The group behind one of the most controversial campaign ads of the 2020 cycle was funded by the liberal billionaire Reid Hoffman, according to tax forms.
Hoffman, one of the Democratic Party’s largest donors, gave $500,000 in 2020 to an organization called Piedmont Rising, according to previously unreported tax filings from Hoffman’s nonprofit, America Future Republic. Piedmont Rising faced scrutiny in 2020 for running deceptive TV ads against Sen. Thom Tillis (R., N.C.) designed to look like a "breaking news" report on Tillis’s stance on Medicare. Tillis’s campaign said the ad misrepresented his stance on Medicare, and a local news station rated the ad "deceptive." Piedmont also embraced an emerging trend among liberal advocacy groups by launching a website designed to look like a legitimate local news outlet.
It marks a pattern for Hoffman, an associate of notorious pedophile Jeffrey Epstein, who has funded several initiatives accused of political chicanery. In 2017, the Democratic megadonor contributed $100,000 to American Engagement Technologies, a tech firm that created fake social media personas during the 2017 Alabama special election to dissuade conservatives from voting. Hoffman apologized for backing the company but denied knowledge of the tech firm's tactics.
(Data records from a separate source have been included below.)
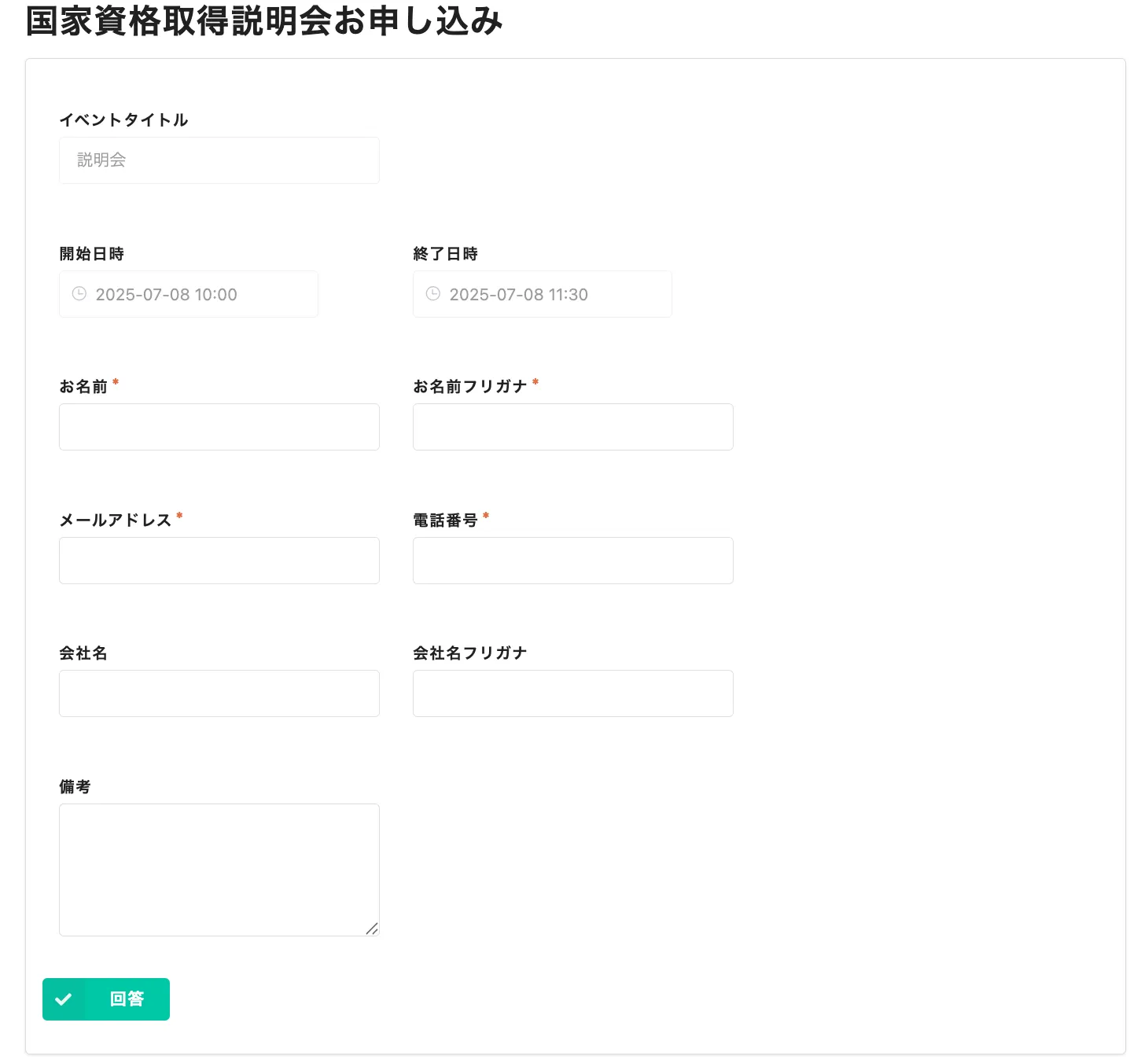 Webサイトに公開する予約カレンダーや申し込みフォームを構築し、予約枠の自動制御を行った
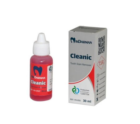 محلول لکه بر دندان Cleanic (T.S.R) , محلول اسیدی جهت از بین بردن لکه ها و بدرنگی های دندان می باشد.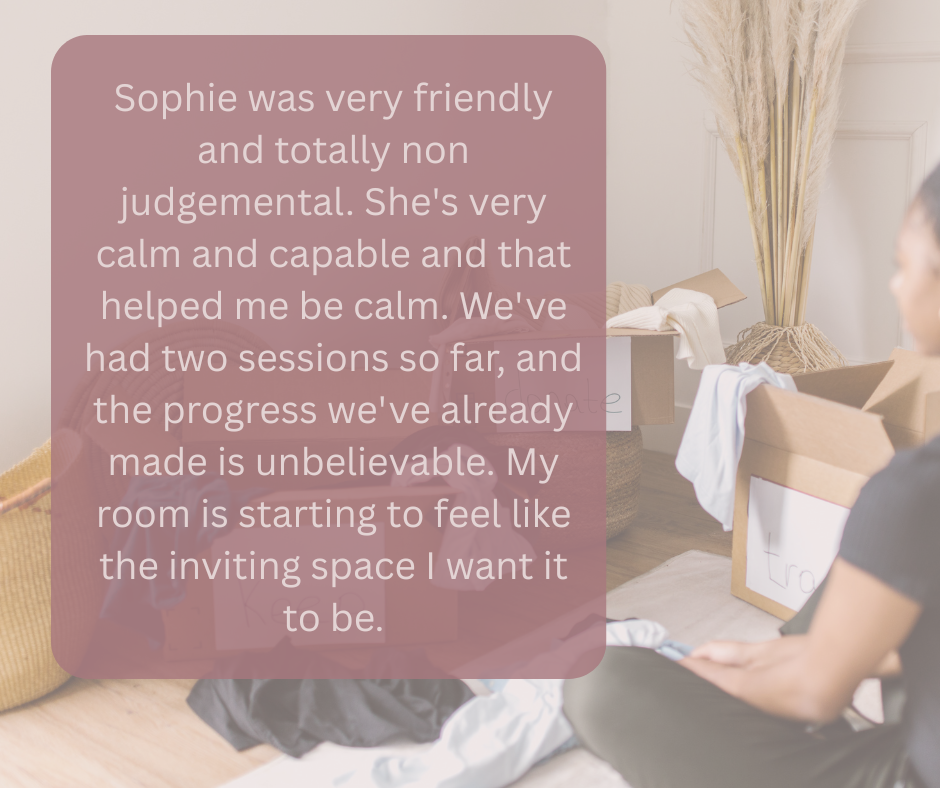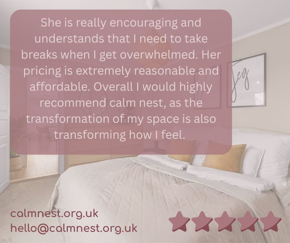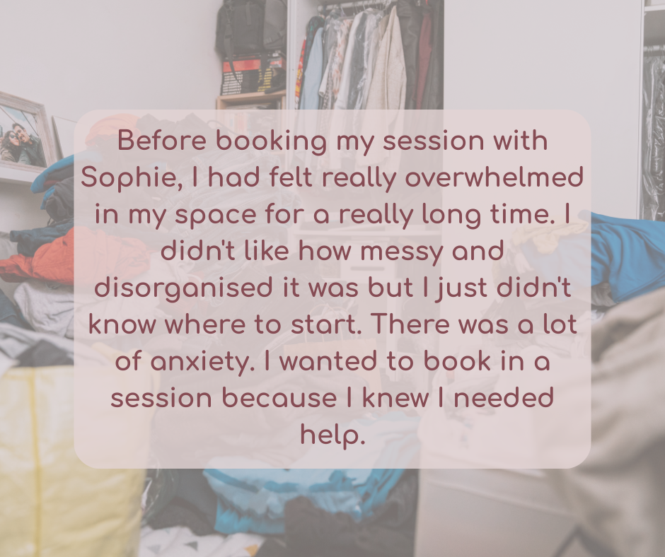 This client shared their experience of decluttering a bedroom that had become stressful to be in. We focused on calm, comfort, and practical systems. Their reflection: “The transformation of my space is also transforming how I feel”.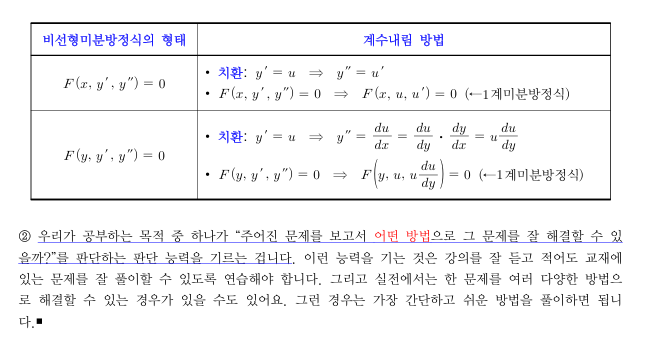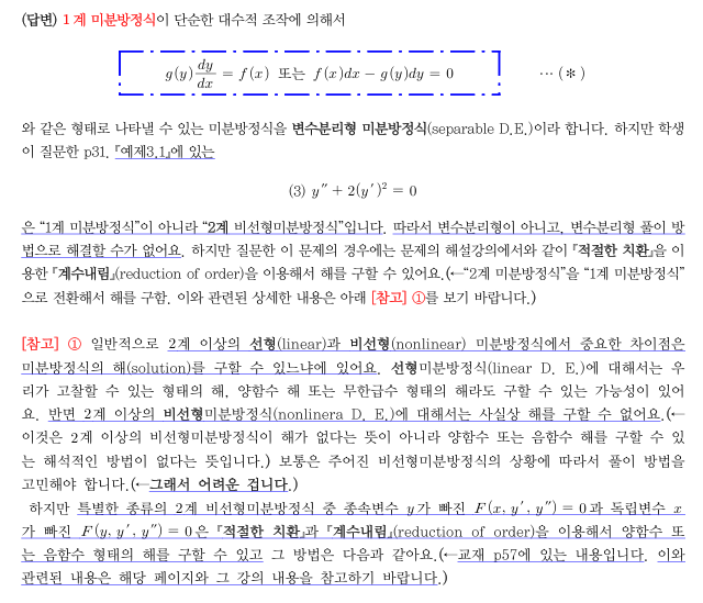 앞서 변수분리형 미분방정식 파트를 다시 보면 y가 1계일 때만 변수분리형으로 취급하는것 같다는 생각도 듭니다.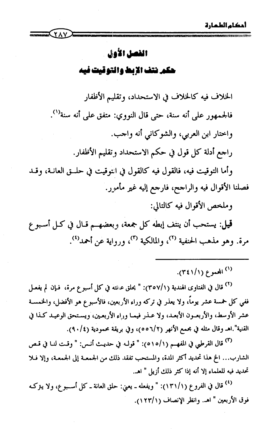 (¬4) قال في الفروع (1/ 131): " ويفعله ـ يعني: حلق العانة ـ كل أسبوع، ولا يتركه فوق الأربعين " اهـ. وانظر الإنصاف (1/ 123).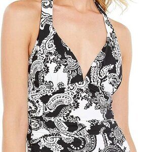 LAUREN RALPH LAUREN Womens Graphic Paisley Tummy-Control Halter Tankini Top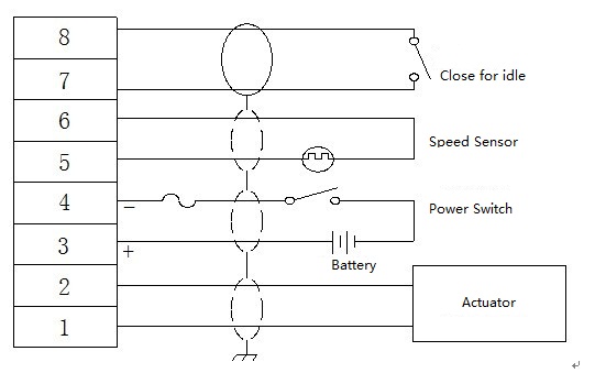 ● Interface No.1 and No.2 for connecting the Electromagnetic Actuator; Interface No.3 & No.4 for connecting the battery,the diameter of the wire is not less than 1.3 mm²,it will be better for ruducing the voltage 。For safty consideration,a 15A fuse should be connect on the cable which is connect the positive pole of battery and the actuator(interface No.3);The cable of the actuator should be connected directly and separately,pleasae refer to the following.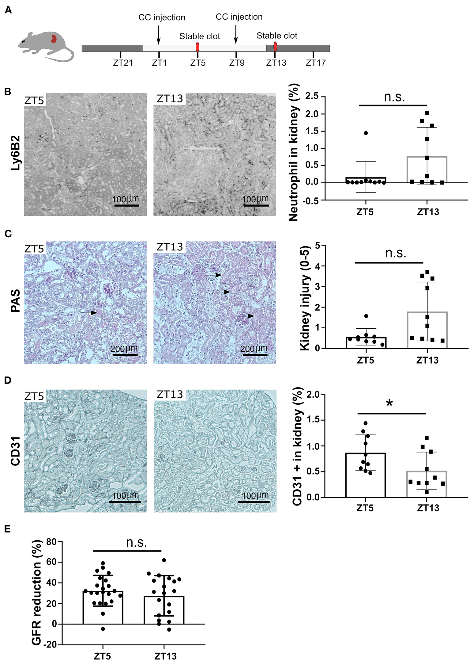 To follow the pathophysiological function of the circadian rhythm-induced CXCR2+ neutrophil recruitment in the kidney, we performed CC embolism at different time points. According to the above-indicated results from time kinetics of crystal clot formation, we injected CC at ZT1 and ZT9 to study the pathological impact of different neutrophil numbers on CC-induced ischemic kidney necrosis at ZT5 and ZT13, respectively (Figure 4A). Interestingly, mice subjected to CC embolism at ZT13 had higher neutrophil counts in the ischemic area 24 h post-CC embolism compared to ZT5 (Figure 4B). In line with the enhanced neutrophil infiltration after ZT13 CC embolism, kidney tubular injury tended to be higher in mice with ZT13 compared to ZT5 (24 h post-CCE), albeit the differences were not significant (Figure 4C). Consistent with the increased levels of neutrophils, the CC-injected kidney showed significantly increased endothelial injury at ZT13 (Figure 4D). Of note, the GFR reduction 24 h post-CC injection did not differ between ZT5 and ZT13 (Figure 4E). These results suggest that time of day had an effect on CC embolism-induced ischemic kidney necrosis, endothelial injury, and neutrophil infiltration but not in GFR loss.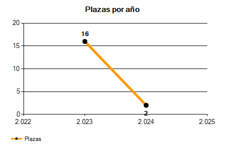 En los siguientes gráficos se puede ver la evolución del número de convocatorias y plazas convocadas para la profesión de Auxiliar de Control de Residuos en Barcelona de los últimos años pudiéndose observar una caída del 100,00% desde el año 2023 hasta el 2025 en número de convocatorias y una caída del 100,00% en número de plazas convocadas.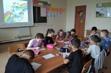 Сегодня, 30 октября, второй день осеннего лагеря. Мероприятия начались с поднятия флага. Дети после зарядки позавтракали. Учитель начальных классов Низамиева А. М. провела занятие "Мир фантазий". Дети с удовольствием создавали свои шедевры с помощью пластилина. Под руководством Мардановой Л. И. прошёл творческий конкурс рисунков " Мы за Мир". Цель занятия: содействие воспитанию у детей патриотизма, чувства солидарности к происходящим в мире событиям, чувства гордости за свою страну. Дети разошлись по домам с поднятым настроением.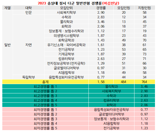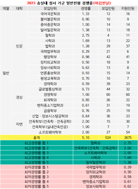 가군은 철학과 2.75대1(4명/11명), 건축학부(건축학·건축공학) 2대1(15명/30명), 소프트웨어학부 2대1(27명/54명), 사학과 1.69대1(13명/22명), 일어일문학과 1.38대1(13명/18명) 순으로 톱5다.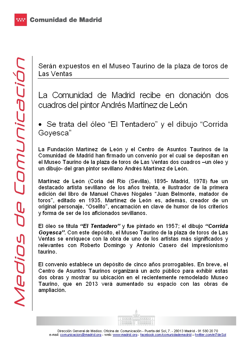 La Comunidad de Madrid recibe en donación dos cuadros del pintor Andrés Martínez de León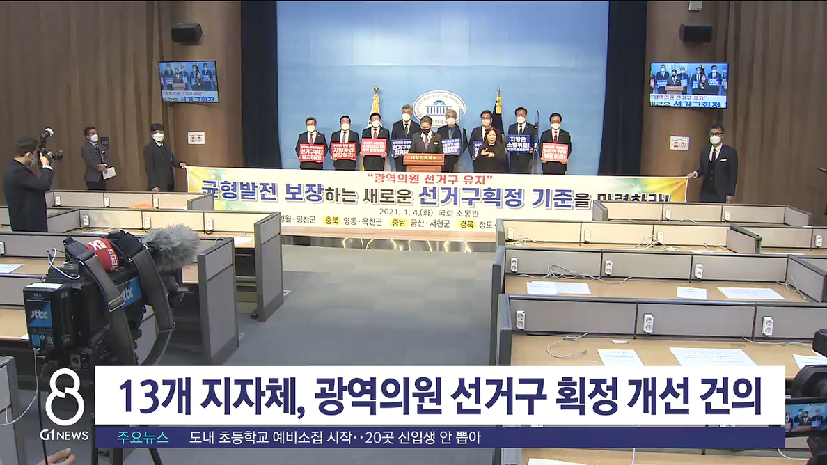 영월.평창.정선군을 비롯해, 헌법재판소 결정으로 광역의원 수가 줄어들 위기에 처한 전국 13개 지자체가 오늘, 국회에서 기자회견을 갖고, 광역의원 선거구 획정 개선을 촉구했습니다.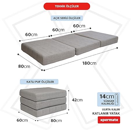 Misafir yatağı olarak kullanıldığında, konuklarınıza konforlu bir uyku deneyimi sunar. Ayrıca, katlanır yer minderi olarak da kullanılabilir, bu da anında rahat bir oturma alanı sağlar.

In 2020, Piedmont Rising launched the North Carolina Examiner, a website designed to look like a mainstream local news outlet. Piedmont spent $118,000 on Facebook ads that portrayed the North Carolina Examiner as a news website, OpenSecrets reported. Piedmont was criticized during the North Carolina Senate race in 2020 for airing campaign ads against Tillis, the Republican incumbent, that were designed to look like legitimate news broadcasts. North Carolina news station WRAL called the ad "deceptive," and a Piedmont advisory board member resigned his position after the ad and said he was "not comfortable with that kind of tactic."
Piedmont Rising and Hoffman’s companies did not respond to requests for comment.
Hoffman gave $2 million to Integrity First for America, a liberal advocacy group that contributed $620,000 to the legal defense fund for Fusion GPS, the research firm behind the discredited Steele dossier accusing Donald Trump of conspiring with Russia to influence the 2016 election.
He also funded columnist E. Jean Carroll’s rape lawsuit against Donald Trump, according to court filings from the case this year. Hoffman, through American Future Republic, contributed $7 million in 2020 to the firm of Carroll’s lawyer, according to tax filings. Hoffman was the sole backer in 2018 of the Republican Women for Progress PAC, a misnomer of sorts given Hoffman’s exclusive support for Democrats.
Piedmont Rising’s tactics mirrored those of Acronym, a liberal dark money group that operates a network of sham local news websites that peddle pro-Democrat propaganda. Hoffman was an early backer of Acronym.
America Future Republic’s tax filings show Hoffman gave $21 million in grants to liberal groups in 2020. He donated $150,000 to Grab Your Wallet, a social media upstart that organized boycotts against companies and sports teams with supposed links to the Trump family.